— EXERCISE —
Although the entries contain pictures, only their text goes into the copy, set down exactly.

— RECORDS TO USE —
——————
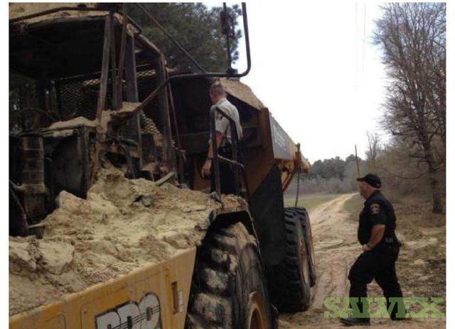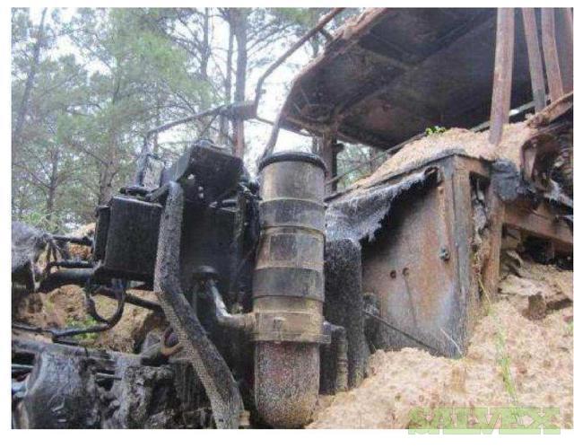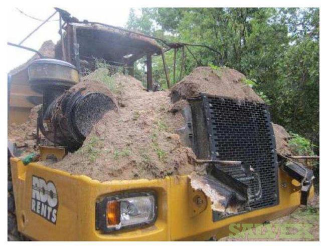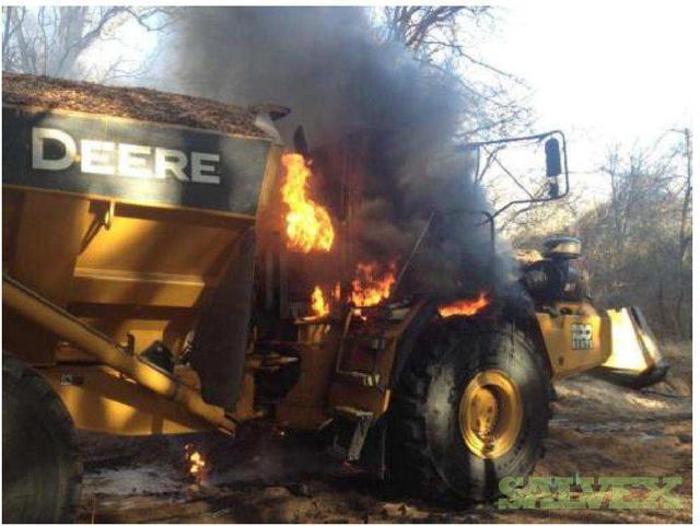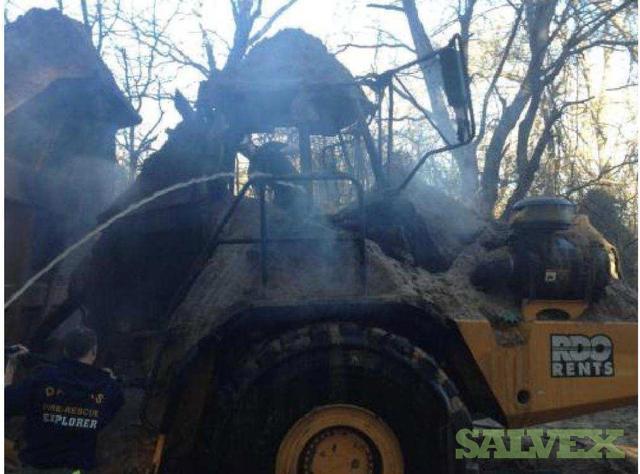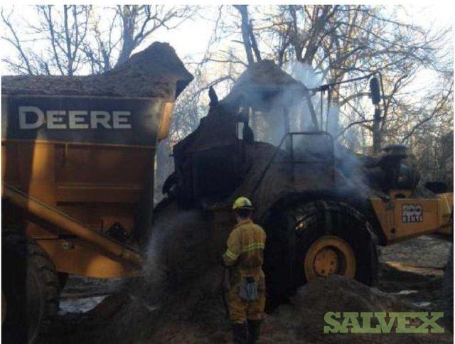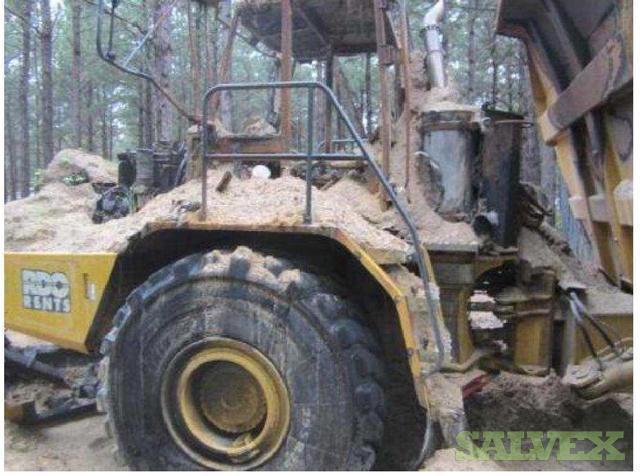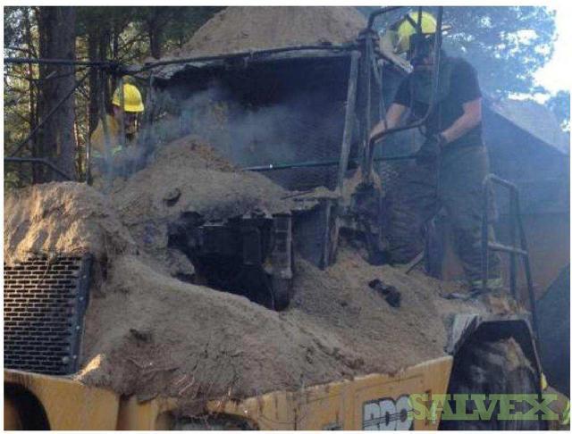 | Condition | : | The dump truck caught fire. The front portion of the articulated truck, as well as the front of the dump bed was damaged. The fire appeared to have started behind the cab and burned forward. The cab was destroyed, the exhaust, hydraulics, cab, cab frame, front drive/steering axel were damaged as well as the front tires. The fire burned through the cab into the motor compartment, burning the top of the motor, all the way up to the radiator. The hood burned. There is additional unknown damage. |
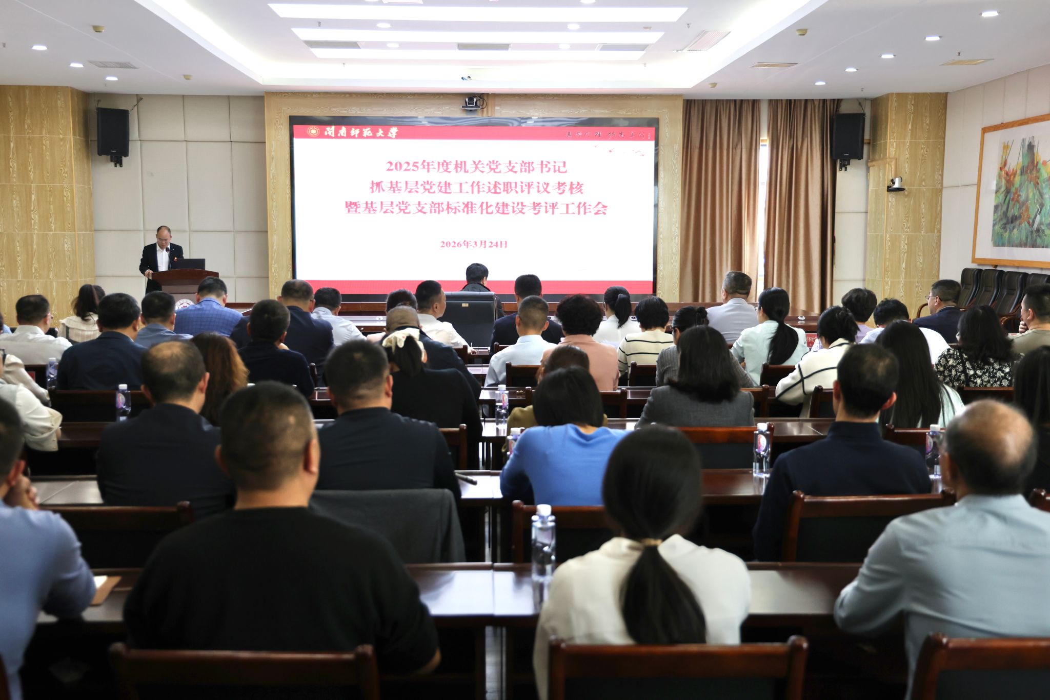 3月24日下午,机关党委召开2025年度机关党支部书记抓基层党建工作述职评议考核暨基层党支部标准化建设考评工作会。校党委副书记、机关党委书记林致远出席会议并讲话。机关党委副书记李常主持会议。
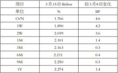 随着季末资金需求逐渐显现,上周国内市场利率呈现稳中有升的态势,其中短期利率上涨幅度更大。截至3月15日,上海银行间同业拆放利率(Shibor)隔夜、1周期、2周期、1月期、3月期、...
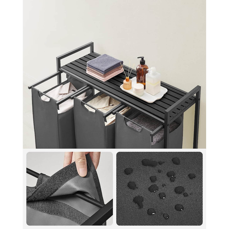 Kôš na bielizeň je vyrobený z pevných oceľových rúrok s rozmermi 2 x 2 cm a vysoko kvalitných dosiek MDF, čo mu dodáva robustnosť a odolnosť (polica unesie až 20 kg). Vrecia sú vyrobené z vodeodolnej tkaniny Oxford. Stabilitu zaisťujú štyri nastaviteľné nožičky.
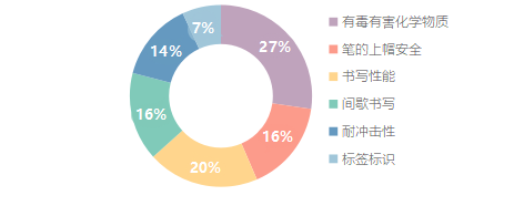 4. 有毒有害化学物质是消费者最关心的测试项目,占比27%。其次为书写性能,占比20%。
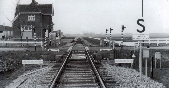 Foto links: De overweg met de kruising met Rijksweg No 2 (A2). Foto midden: Een 2200 passeert de overweg. Tegenwoordig liggen er hier twee keer vijf rijstroken. Foto rechts: Sein 102 was een overweg en brugvoorsein. Een uitzondering omdat voorseinen normaal nooit als dwergsein werden uitgevoerd. Op de achtergrond de overweg.
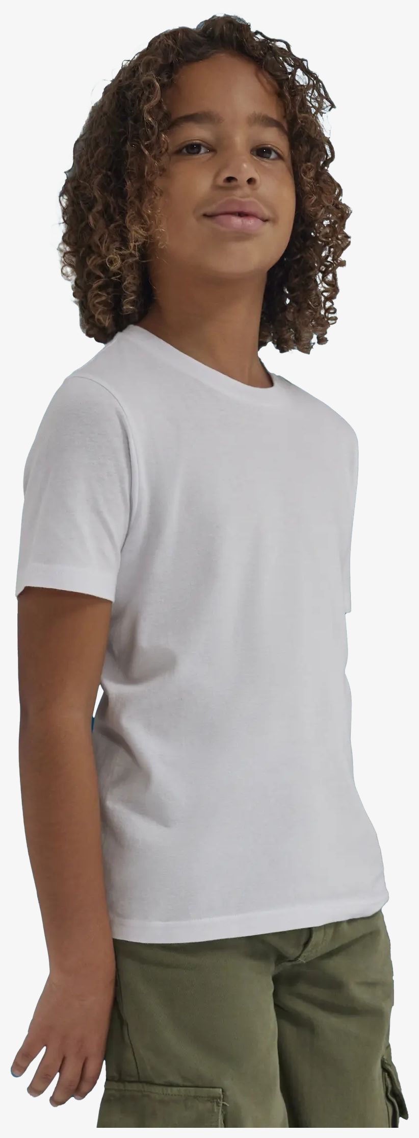 Kids #E190 bomulds-tee-shirt er kendetegnet ved et enkelt jerseystof og en rørformet konstruktion. Den har en smal halsudskæring og et forstærket halsbånd. Tee-shirten er uden mærkat for øget komfort.
——————
— REPLY —
 | Condition | : | The dump truck caught fire. The front portion of the articulated truck, as well as the front of the dump bed was damaged. The fire appeared to have started behind the cab and burned forward. The cab was destroyed, the exhaust, hydraulics, cab, cab frame, front drive/steering axel were damaged as well as the front tires. The fire burned through the cab into the motor compartment, burning the top of the motor, all the way up to the radiator. The hood burned. There is additional unknown damage. |
 3月24日下午,机关党委召开2025年度机关党支部书记抓基层党建工作述职评议考核暨基层党支部标准化建设考评工作会。校党委副书记、机关党委书记林致远出席会议并讲话。机关党委副书记李常主持会议。
 随着季末资金需求逐渐显现,上周国内市场利率呈现稳中有升的态势,其中短期利率上涨幅度更大。截至3月15日,上海银行间同业拆放利率(Shibor)隔夜、1周期、2周期、1月期、3月期、...
 Kôš na bielizeň je vyrobený z pevných oceľových rúrok s rozmermi 2 x 2 cm a vysoko kvalitných dosiek MDF, čo mu dodáva robustnosť a odolnosť (polica unesie až 20 kg). Vrecia sú vyrobené z vodeodolnej tkaniny Oxford. Stabilitu zaisťujú štyri nastaviteľné nožičky.
 4. 有毒有害化学物质是消费者最关心的测试项目,占比27%。其次为书写性能,占比20%。
 Foto links: De overweg met de kruising met Rijksweg No 2 (A2). Foto midden: Een 2200 passeert de overweg. Tegenwoordig liggen er hier twee keer vijf rijstroken. Foto rechts: Sein 102 was een overweg en brugvoorsein. Een uitzondering omdat voorseinen normaal nooit als dwergsein werden uitgevoerd. Op de achtergrond de overweg.
 Kids #E190 bomulds-tee-shirt er kendetegnet ved et enkelt jerseystof og en rørformet konstruktion. Den har en smal halsudskæring og et forstærket halsbånd. Tee-shirten er uden mærkat for øget komfort.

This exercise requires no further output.